As for what the Leafs would be getting with Hertl, a guy who at his best has been a new point per game player, a pretty consistent 20 goal+ guy based on an 82 game schedule, and a player with having a reputation for being a fun loving, easy going, low maintenance personality to fit into the locker room. The fact that he can play wing or center is a bonus as he potentially addresses all of the Leafs pressing forward needs in one person.
It doesn’t seem like a Leafs season if we aren’t talking about the possibility of Toronto acquiring Rickard Rakell. If Rakell is going to be available we’ll have to assume that things will start going drastically worse for the Ducks than how they’ve been going so far because as it sits today they probably want to keep him and see if he can continue to work with their open and coming talent on their roster. Having seven goals in 14 games so far is certainly a rebound after his 9 total last year, and would certainly work as an upgrade to the top six wing situation.
Rakell has no barriers preventing him from being traded anywhere so that’s a reason to keep an eye on him. Normally players without no trade clauses tend to wind up on Canadian teams.
Why not bring in a good Mimico boy?
Smith at $5M from a team like Vegas that can’t really do anything other than money in/money out, with a preference to send money out means if the Leafs were going to look at Smith they’d need to shed money elsewhere first.
As for Smith, his 10 goals so far this year is encouraging, and he’s playing like a contract year. Asset wise he’s going to cost a team less than Rakell or Hertl, but the dollars could hurt, and whether Smith can produce as well in a different situation seems like a bigger question mark than you’d have with someone like Hertl, given that there has been solid but less consistent results throughout his career.
Smith does have 8 team list of teams he won’t go to. I’ll generously assume his hometown Leafs aren’t on that list.
It’s nice to have a bargain option and that’s why I’ve included Henrik Borgstrom. Yes, Borgstrom is another reclamation project type player. Well, reclamation might be generous as he really hasn’t established himself as a NHL player in either Florida or Chicago, so it’s more of a see what you can do with a former first round draft pick before he chooses a career in Europe type of move.
Borgstrom is obviously more of a depth move, and might have more value to the Leafs if he clears waivers at some point and they can run with him on the Marlies for a bit to get him into a position of being late season/playoff depth.
As a 6’3 center, Borgstrom would be an nice way of addressing loss of depth at the position from the departures of Brooks, Semyonov, and Amadio.
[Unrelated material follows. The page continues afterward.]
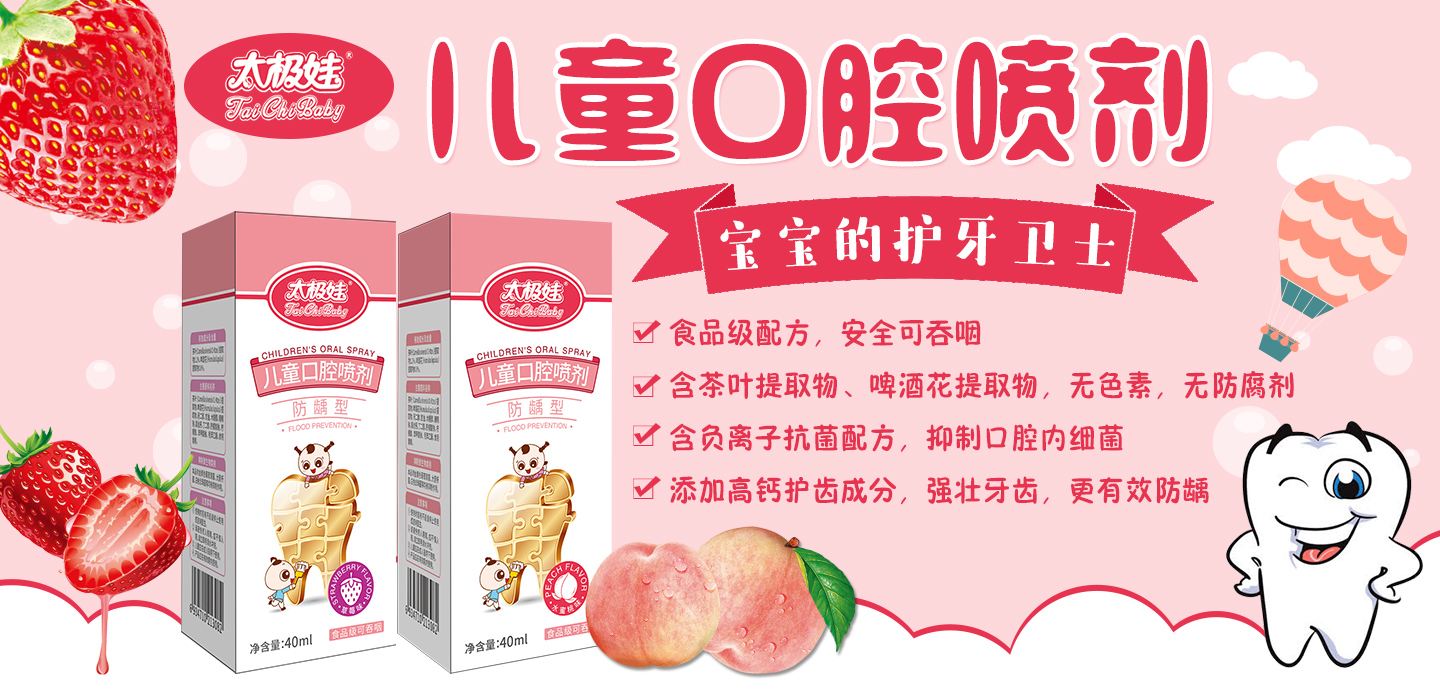 寶寶齲齒,媽媽煩惱,怎么辦?太極娃兒童口腔噴劑,食品級(jí)配方,安全可吞咽,含茶葉提取物、啤酒花提取物,無(wú)色素、無(wú)防腐劑,含負(fù)離子抗菌配方,添加高鈣護(hù)齒成分,強(qiáng)壯牙齒,更有效防齲

And then the Leafs can see if they can tap into the upside that teams seem to think might still be there.
The price for Borgstrom would likely be very friendly, presumably a slightly younger hit or miss type prospect.
Will the Leafs be active this year?
Based off of what Kyle Dubas has done in previous seasons, it’s safe to say the Leafs will be looking at bringing in a player capable of moving the bar for Toronto in the postseason. Unfortunately we can see that it hasn’t always gone as planned either. I don’t think history is going to change Dubas’ approach, and honestly standing pat would be a missed opportunity. We’ve seen that Dubas likes to make his moves in advance of the actual trade deadline, and presumably that will also be true this year. It’s a matter of when the deal comes together, not a set date on the calendar. That being said, there’s no reason to believe anything is imminent either, nor does anything need to be.